O’Grady gives a few enterprise wide examples:

Create an anonymous whistleblower or tip system – If you have an employee Intranet website, you can implement a section where personnel who suspect or observe fraud can anonymously feed tips to your human resources or executive team. The employee could opt in or out of revealing their identity through the page and the program should include rewards for employees who tip management off to the problems.

Conduct surprise audits – Ask your internal or external auditors to conduct surprise audits of specific departments or operations and rotate the audits through an annual cycle.

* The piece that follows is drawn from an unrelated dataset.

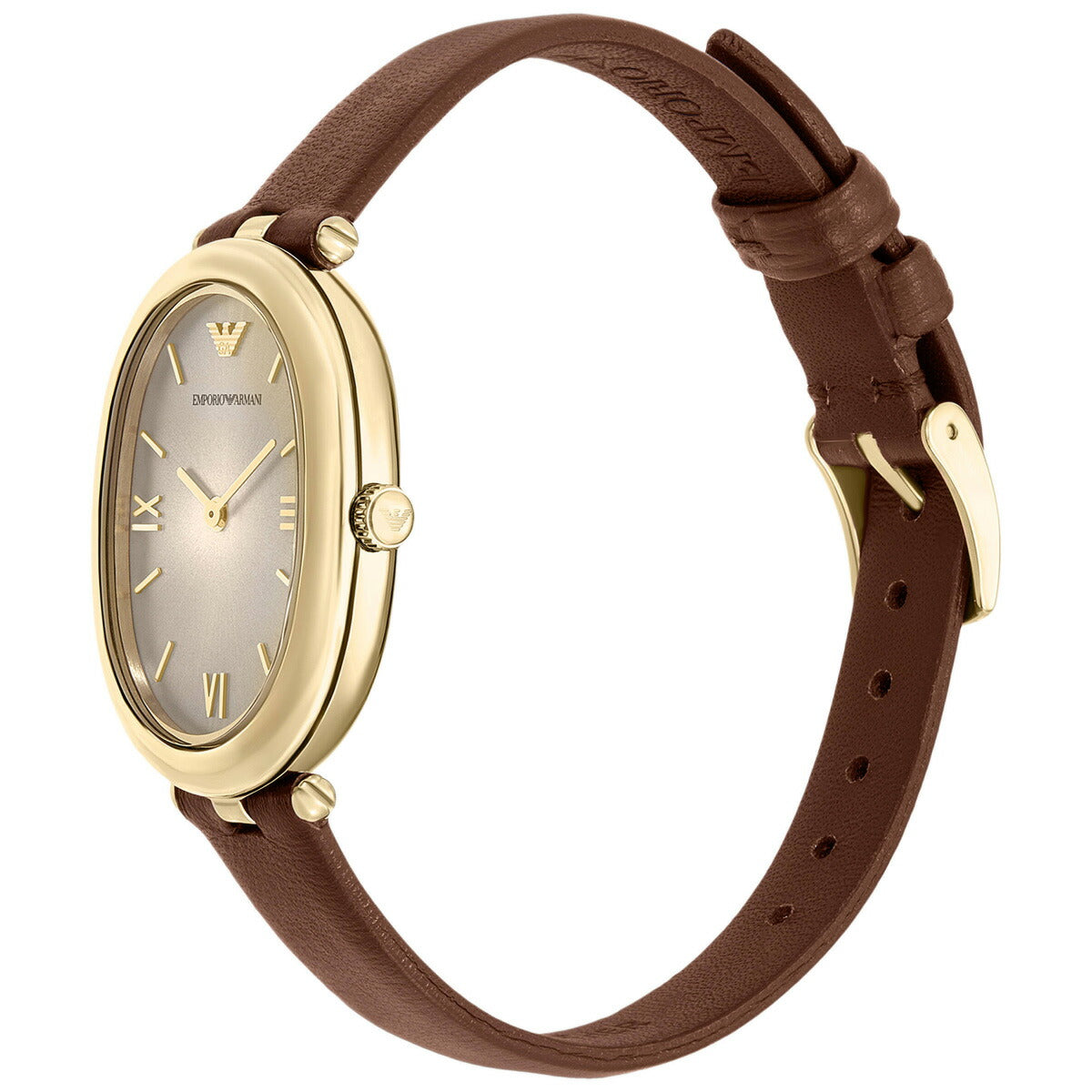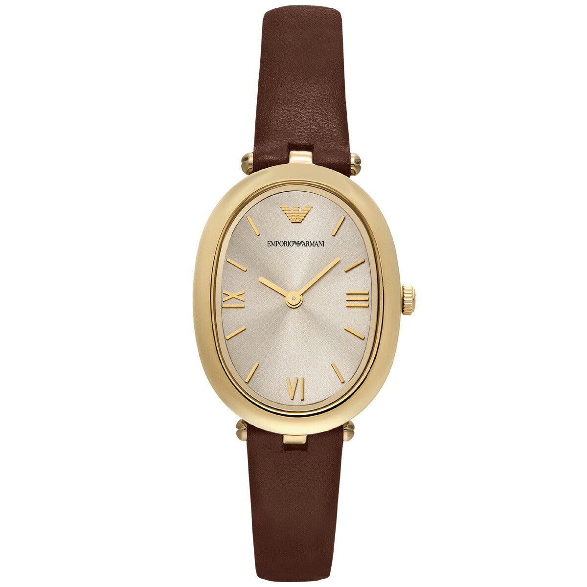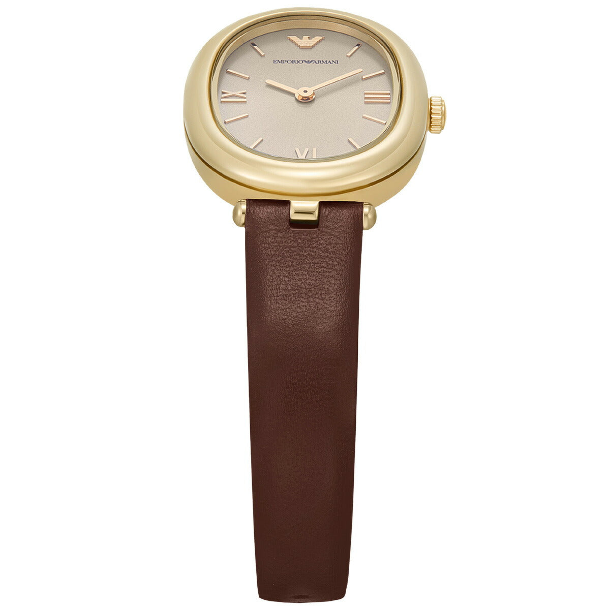 Emporio Armaniのケースサイズ26×34mmのウォッチ。温かみのあるグレーのサンレイダイヤルにゴールドトーンのローマ数字インデックスを配し、ブラウンのナッパレザーストラップを組み合わせました。特徴的なオーバルシルエットが、この時計を理想的なアクセサリーにしています。

Implement a policy of mandatory vacations – Insist that all employees take vacations. This can be driven through a “use it or lose it” vacation policy, or a simple directive from management. Vacationing regularly also has been proven to have beneficial effects on overall productivity.

Make job rotation routine – Cross training and job rotation are excellent ways to both increase fraud detection (as employees with fresh eyes come into a new job they are more likely to spot issues) and to strengthen your overall organization.

Build an ethical culture – A company either flourishes, or rots, based on the tone set by its CEO and senior management team. If a company expects to maintain a good reputation and wants to be perceived as transparent and trustworthy, you can’t have a CEO known for questionable business and personal behavior. On the other hand, a CEO known for both business acumen and ethical behavior sets a very positive tone that is always well received by employees and the marketplace.

In addition to enterprise wide initiatives, both O’Grady and Stegner say there are numerous financial controls that can be implemented that remove the opportunity to commit fraud. Some of these include:

  • Encourage all employees to take direct deposits.
  • Review detailed payroll reports on a regular basis.
  • Reconcile bank statements promptly.
  • Insist on original receipts for all out of pocket expense reimbursements.
  • Segregate accounting from cash receipts reporting.
  • Ensure the monthly close happens at the end of each month.
  • Regularly review accounts payable and vendor listings.
  • Employ your auditors to look at financial processes and test transactions following a downsizing (downsizings where employees are laid off often reveal previous fraudulent activity).
  • Do not allow a single employee to perform multiple financial tasks such as signing checks, authorizing disbursements, recording transactions and reconciling bank statements.

With times being difficult right now, Stegner says that for nonprofits, it is more important than ever to create a strong culture of ethics and to implement even stronger financial controls. He sums it up this way: “Trust, but verify.”